Like the other forms of CAH, suspicion of severe 3β-HSD CAH is usually raised by the appearance of the genitalia at birth or by development of a salt-wasting crisis in the first month of life. The diagnosis is usually confirmed by the distinctive pattern of adrenal steroids: elevated pregnenolone, 17-hydroxypregnenolone, DHEA, and renin. In clinical circumstances this form of CAH has sometimes been difficult to distinguish from the more common 21-hydroxylase deficient CAH because of the 17OHP elevation, or from simple premature adrenarche because of the DHEA elevation.

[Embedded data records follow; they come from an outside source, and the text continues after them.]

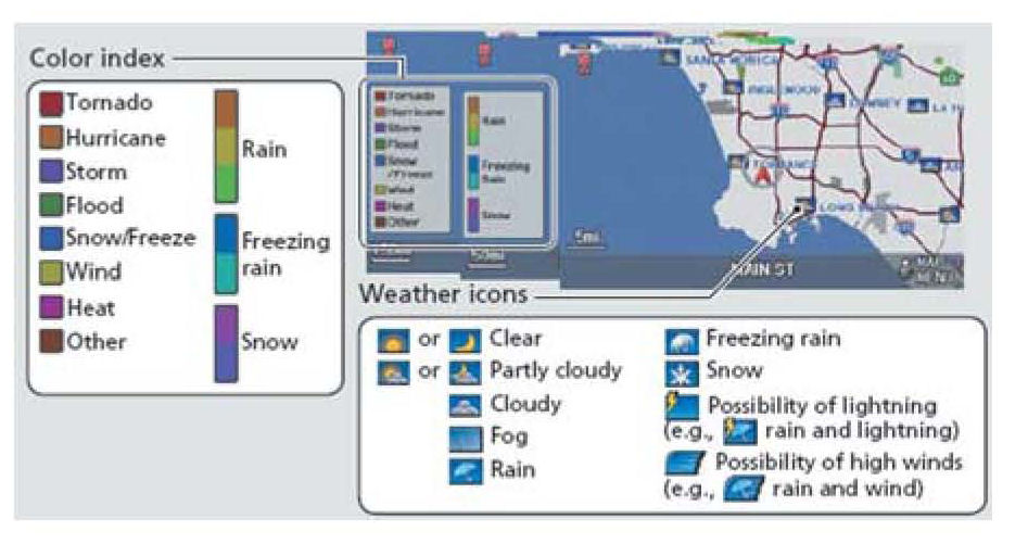 XM Radio now offers XM weather and radar that shows current local weather as weather icons on the map screen. These are different from weather-related traffic incident icons. The weather icons are: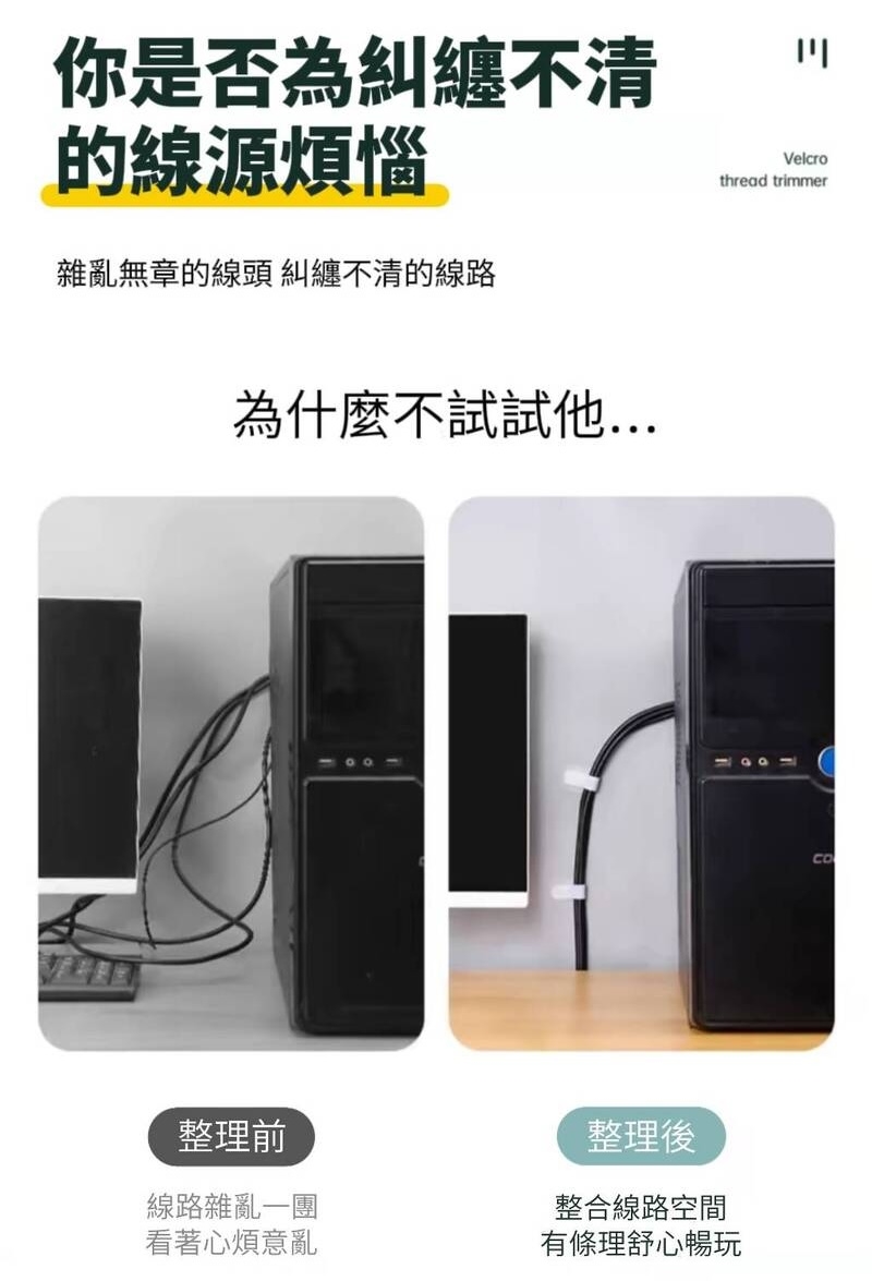 🔌 方便快捷:無需繁複的剪裁,不再浪費時間在尋找剪刀上,我們的電線管理器隨時黏隨時用。只需將其貼在需要整理的地方,即刻完成固定,讓您的電線整齊有序。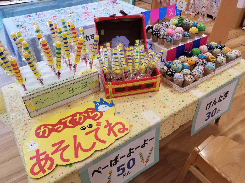 2022年11月3日 / 最終更新日 : 2022年11月3日 mnmmtk バザー開催されました お天気に恵まれてバザーがおこなわれました。コロナ禍のため在園児、日曜学校生徒、教会員の参加者限定の小規模&時間短縮開催でしたが、楽しい2時間を過ごすことができました。 園庭のようすです。 手前)ケニアにあるコイノニア教育センターのソーイング・プロジェクト奥)フェアトレード支援コーナー 園児制作のエントランス・タワー 幼稚園の子どもたちに大人気のおもちゃコーナーです。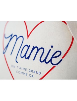 Récompensez votre merveilleuse mamie avec ce joli sac mamie je/on t'aime grand comme ça. Avec sa jolie typographie, elle sera ravie de se promener, son petit sac au bras, accueillant tous ses objets du quotidien. La personnalisation avec le(s) prénom(s) de ses petits enfants sur le coté du coeur font de ce tote bag pour grand mère, le sac fourre-tout par excellence ! Pratique, élégant, votre mamie ne pourra plus s'en passer et elle pensera à vous à chaque fois que ses amies la complimenteront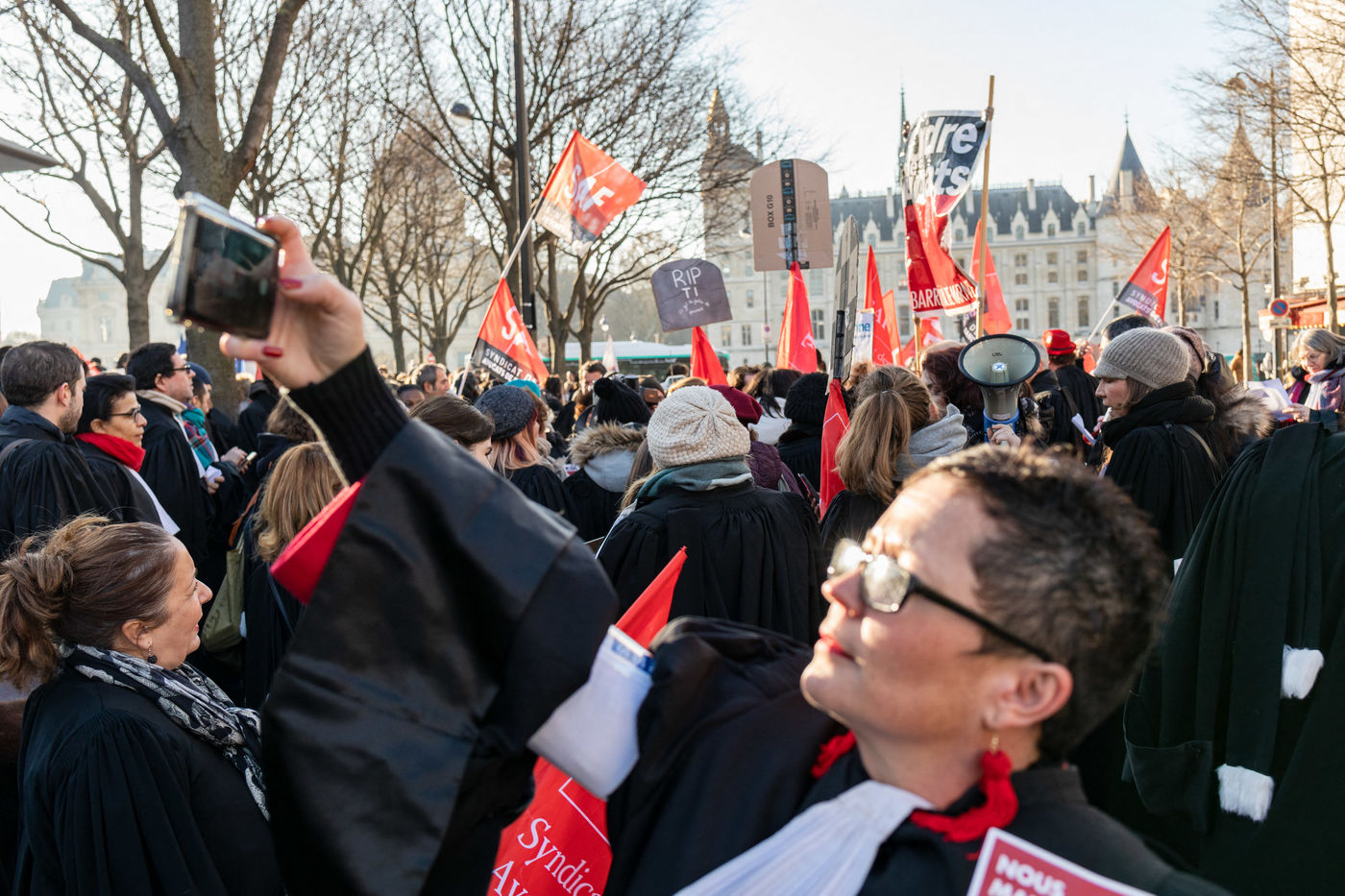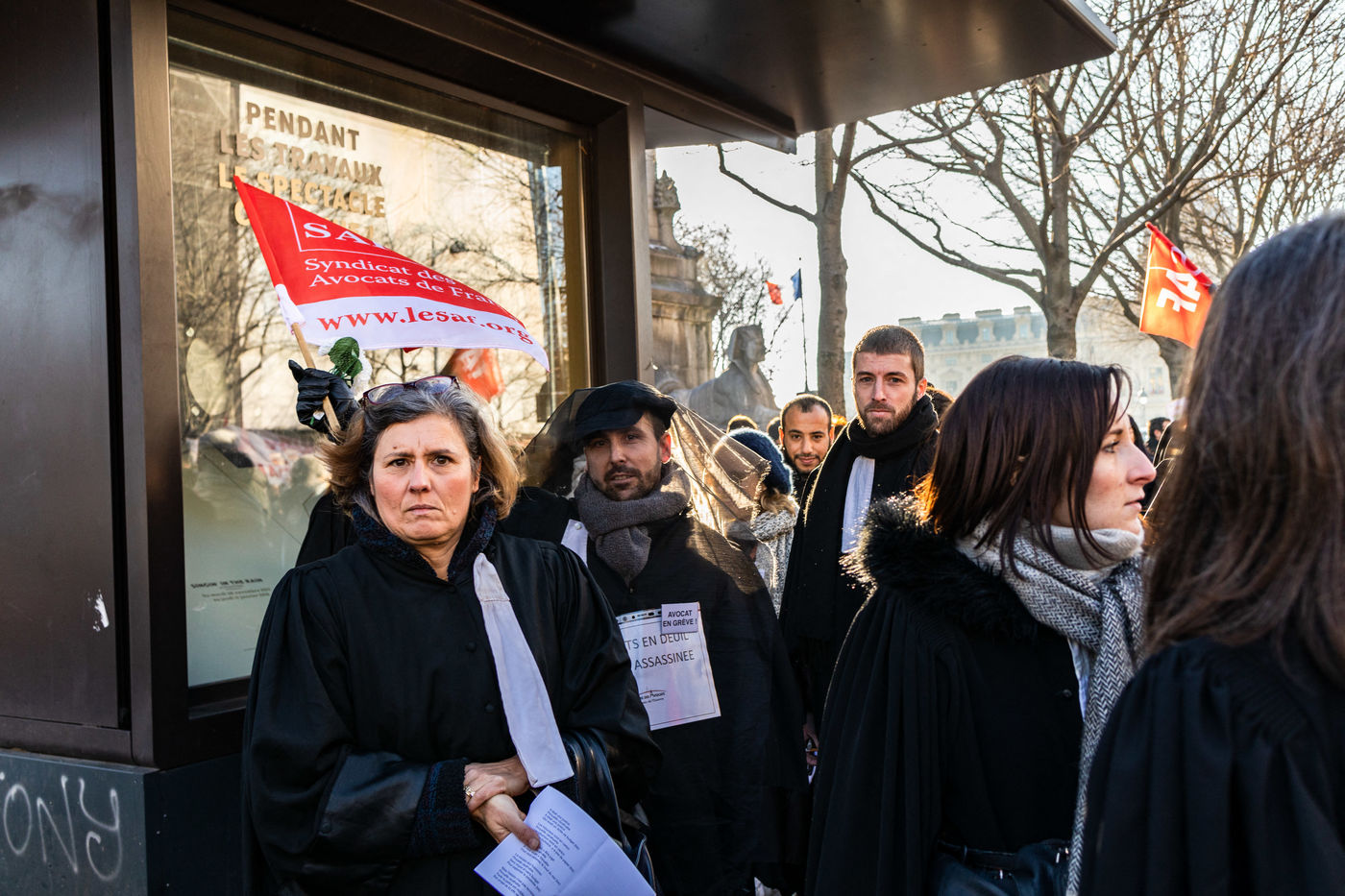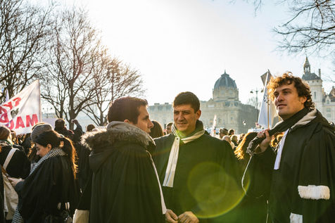 A l'appel du Barreau de Paris et de l'Ordre des avocats de Paris, un rassemblement a eu lieu place du Chatelet a Paris le 12 decembre 2018 pour protester contre cette reforme.

In cases of ambiguous genitalia it is important to obtain a karyotype. If the patient has hypertension, plasma renin activity and plasma aldosterone concentrations should be checked before considering steroid profile analysis.
A 24h urine collection with no preservative is ideal. Random samples may be acceptable for the identification of inborn errors of steroid metabolism.
Endogenous cortisol production cannot usefully be examined if hydrocortisone or cortisone acetate is being given. If glucocorticoid treatment is essential, dexamethasone is preferred since dexamethasone metabolites do not interfere in the assay. A depot Synacthen test can be used to assess adrenal function during dexamethasone treatment.
For diagnosis of the cause (other than 21-hydroxylase deficiency) of salt-loss in a neonate, salt intake and mineralocorticoid treatment should be reduced as much as possible.